Tuesday, May 10, 2011

Being Still

Be still and know that I am God.  Psalm 46:10  I looked up the meaning of the Hebrew word still.  Included in its definition is to cease, to leave off what you have been doing, and to be idle.

It seems I've been forced to be still lately.  Yesterday I spent five and a half hours sitting with a man who was dying.  When I introduced myself to him I asked if I could pray with him or read some scripture to him and he said, "Not now."  Inwardly I wondered, "If not now, then when?"

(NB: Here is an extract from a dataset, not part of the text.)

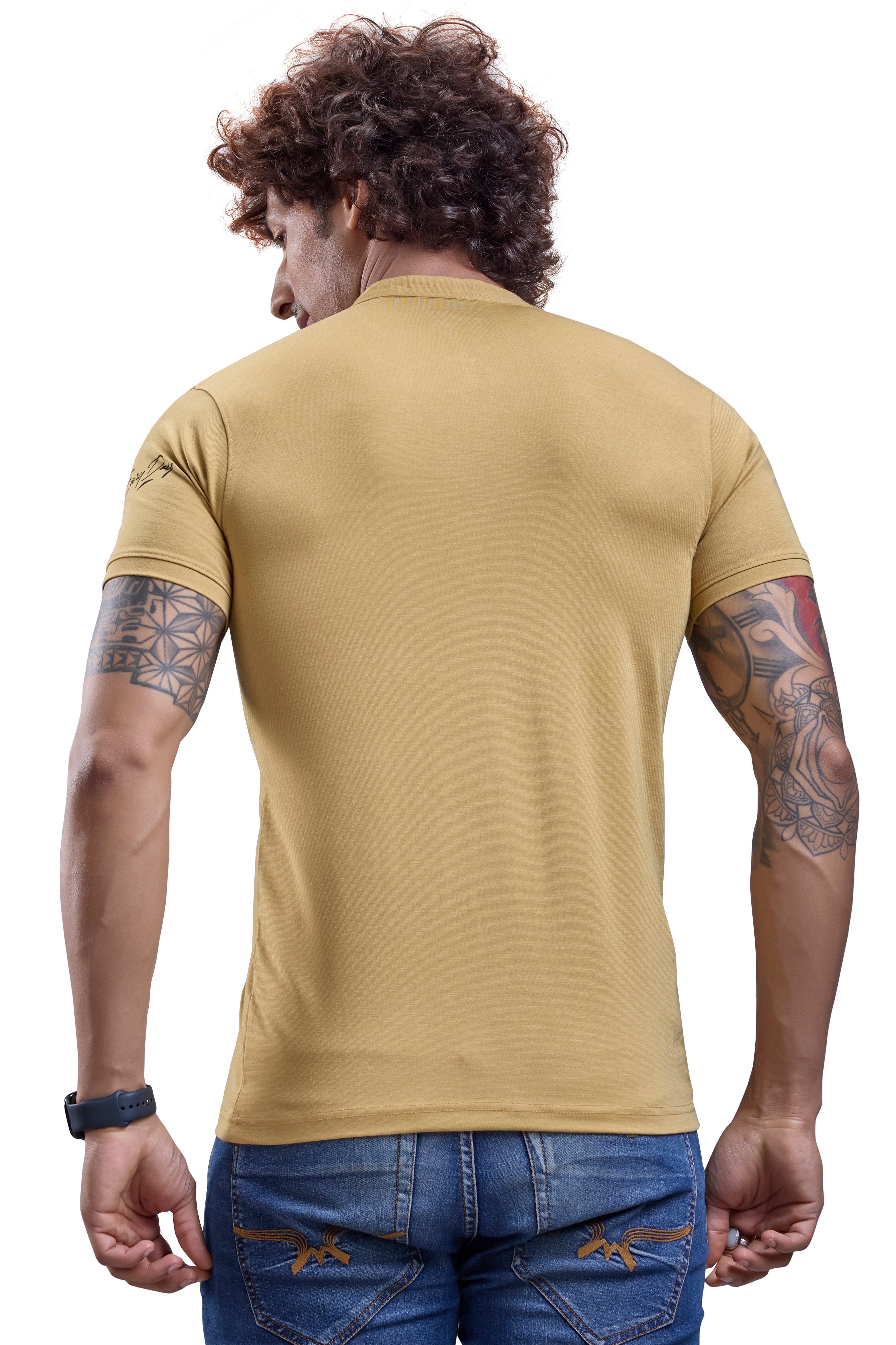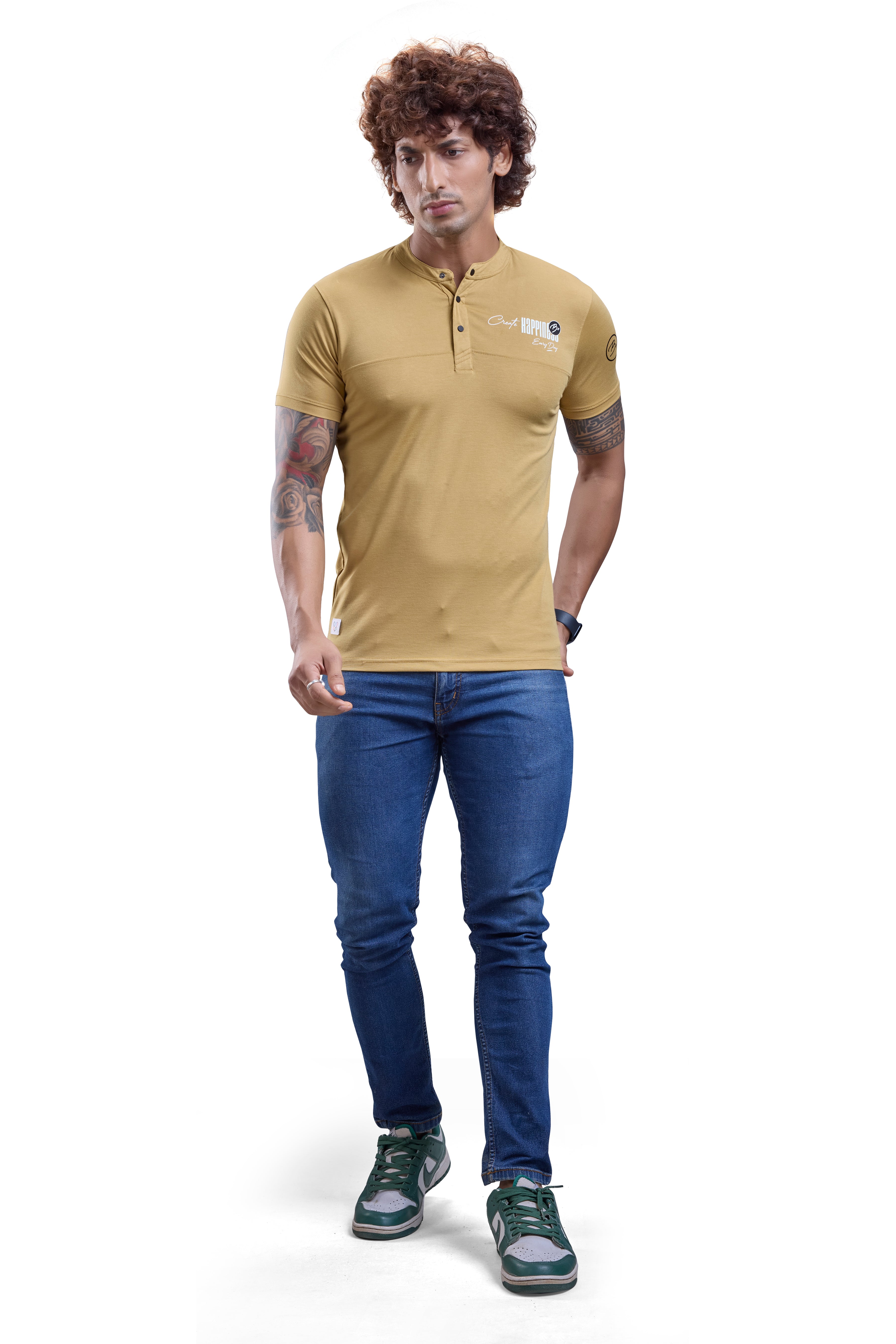 Mustard Mandarin Collar Graphic T-Shirt

I really felt I didn't accomplish much during the vigil (I'm a Hospice volunteer).  I sat alone next to him most of the time.  Later on in the evening I chatted with his cousin as we waited for the man's sister and only immediate family member to arrive.

It's difficult for me to be still.  I don't feel like I'm accomplishing anything.  Yesterday when I was alone I used the time to silently pray for the man.  I was able to adjust his pillow, give him sips of water and coke and call the nurses for him.  Such small things.  Often I want to do the big things to make a difference in others lives.  But this is not what God has called me to do.  At this moment He's not called me to be "doing" a lot by secular standards.  I'm raising my daughter, a caregiver for a four-month-old and a volunteer who sits with those who are dying.   Yet I am influencing the lives I touch and I need to remember to do all (yes, even the sitting) to God's glory.